Discover our favorite spring flower bulbs in full color.

Tulipa pulchella

Tulipa saxatilis

Tulipa tarda

Tulipa turkestanica

Tulipa urumiensis

Tulip bakeri

Peppermint Stick

Tulip eichleri

Tulipa kolpakowskiana

Tulipa linifolia

Rembrandt tulip

Triumph tulip

Tulip viridiflora

Fringed tulips

Tulip acuminata

Single early tulip

Tulip fosteriana

Tulip greigii

Tulip kaufmanniana

Lily-flowering tulip

Care and maintenance for spring flowering bulbs

Flower bulbs are low-maintenance plants. Many kinds of bulbs can even be left in the same place for years. They increase in number all by themselves by producing seeds or by spontaneously producing more flower bulbs. This process is called naturalisation. After so many years, daffodils, crocuses, winter aconites, anemones, snowdrops, squills and grape hyacinths can form an unbroken carpet of plants.

Other flower bulbs such as tulips and hyacinths will bloom profusely the first year after planting but produce fewer and fewer flowers thereafter because their bulbs gradually become exhausted. Botanical tulips, however, are an exception.

Here are some tips for enjoying your flower bulbs longer:

During a dry spring, provide late-flowering bulbs such as tulips, hyacinths, ornamental onions and irises with some water now and then.
Once the flowers have faded, snip them off.
Don’t trim off the leaves back straightaway. Instead, let the leaves and stem turn yellow (die back) first. This allows nutrients in the foliage to feed the bulb (if it is one of the kinds that naturalise) so that it can emerge again next year.
Provide flower bulbs that naturalise – such as daffodils, crocuses, squills, anemones, grape hyacinths and winter aconites – with fertiliser after they have flowered. Fertilising stimulates the formation of flower buds during the summer months.

Finished flowering?

Flower bulbs that have finished flowering?

The flowers produced by flower bulbs have made the garden sparkle with colour for weeks – they’ve made it so inviting! But now that they are finished flowering, what should you do with the flower bulbs? The sight of their flowers withering and their stems and leaves turning yellow isn’t very attractive. But is it best to cut them back now or not?

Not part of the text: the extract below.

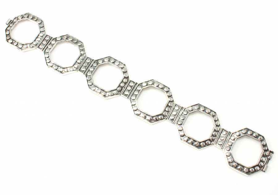 Bileklik 925 ayar gümüşten imal edilmiştir. Sekizgen şeklindeki bileklik 2,9 cm enindedir. Fantezi bileklik 21 cm uzunluğundadır. Bileklik taşsızdır. Gümüş bileklik 34,01 gram ağırlığındadır.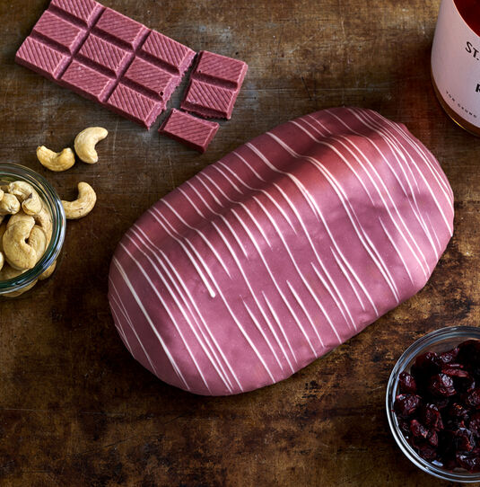 Unser Rosé-Stollen ist mit einer aromatischen Kuvertüre aus Ruby Kakaobohnen überzogen. Durch frische Cashewnüsse und in St. Antony Rosé eingelegte Cranberrys bleibt der Stollen in der ganzen Vorweihnachtszeit wunderbar saftig. Das Geschmacksgeheimnis: Jeder Stollen erhält eine kleine Wellnessbehandlung mit dem Rosé vom VDP.Weingut St. Antony.

Two choices for flower bulbs that have finished flowering

Two choices for flower bulbs that have finished flowering
What to do with flower bulbs that have finished flowering is entirely up to you. Would you like to enjoy the same flower bulbs again next year, and do you enjoy gardening? If so, you can store them. If you want to avoid some work and try new varieties and colours next year, you don’t have to do anything.

Storing flower bulbs for next year

People who really enjoy gardening more often choose to store the flower bulbs they lift after flowering so that they can enjoy them again next year. The most important rule to follow is to leave these flower bulbs in the ground until the foliage (stem and leaves) they produced dies back. This allows these flower bulbs to reabsorb the nutrients from the foliage so that they will have enough strength to grow and flower effectively again next year. Once both the leaves and stem have died back entirely, the flower bulbs can be removed from the ground. They can then be stored in a cardboard box placed in a cool dry location until they are planted in the ground again for next year’s growing season.